SFBs are expected to deploy 75 per cent of their loans in priority sectors (agriculture and allied activities; micro, small and medium enterprises; education; housing; others), with at least 50 per cent of loans below ₹25 lakh. The PSL threshold for a universal bank is lower at 40 per cent.

The minimum capital adequacy ratio that an SFB has to maintain is 15 per cent (against 9 per cent for universal banks).

“SFBs have done pretty well on the liabilities side as they have been able to build a fairly good retail franchise in the last five-odd years. The risk granularity in deposits is coming in.

“Assets side still remains a challenge. Most of them were primarily into microfinance. So, they all wanted to diversify outside of microfinance and started building the non-microfinance book...the last couple of years have been challenging on the assets side, with Covid hitting MSME sector more compared to other sectors,” opined Srinivasan.

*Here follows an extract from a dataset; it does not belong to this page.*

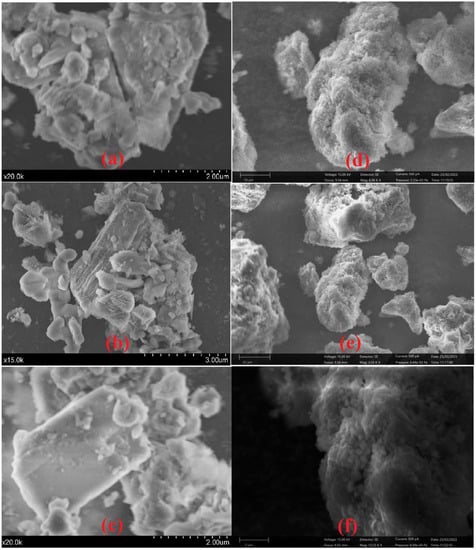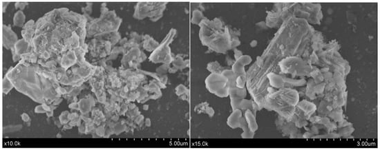 The SEM micrographs of SS are shown in Figure 4. Firstly, the particle size distribution shows that SS exclusively has a low grain size distribution of <5 µm according to the SEM scale. While some minerals, probably Quartz (SiO2) represent a relatively higher diameter. The morphology of SS was quite heterogeneous, displaying a rich mineralogical surface. In addition, SEM micrographs show pores of various sizes distributed over the surface of SS and oxides, confirming that the SS contains macro and mesopores as reported by BET analysis. These pores were predominantly large in diameter and volume, with low microporosity observed. Furthermore, it was clear that the surface of SS was quite rich in oxides, which display heterogeneous shapes and forms.

So, all these entities have had challenges on the asset quality front not only on the microfinance book but also on the non-microfinance book.

“If we are expecting that possibly the worst on the asset quality is behind us, things should start stabilising. The collection numbers are improving for all SFBs.

“So, we should see some improvement in overall profitability and asset quality. Going forward, things should stabilise in FY23 before they start improving next year onwards,” he said.

Market experts say over the last five years, AU SFB has been able to scale up and is in a different league in the SFB space. Other SFBs, which started off as microfinance institutions (MFIs), have also scaled up, but not to that extent. AU SFB has the advantage of originally being a Commercial Vehicle and SME financier. The other entities that got SFB licence along with AU SFB were primarily MFIs. Therefore, as they scale up, they need to diversify.

The average loan tenure of AU SFB is 3-4 years, whereas its peers have (microfinance) assets of 1-2 years tenure. So, SFBs with a large proportion of microfinance loans, have to run faster to remain where they are.

While AU SFB may currently be the most eligible SFB for converting into universal bank, the others are leaving no stone unturned to catch up with it. They are gradually diversifying away from microfinance loans so that their balance sheets gain heft.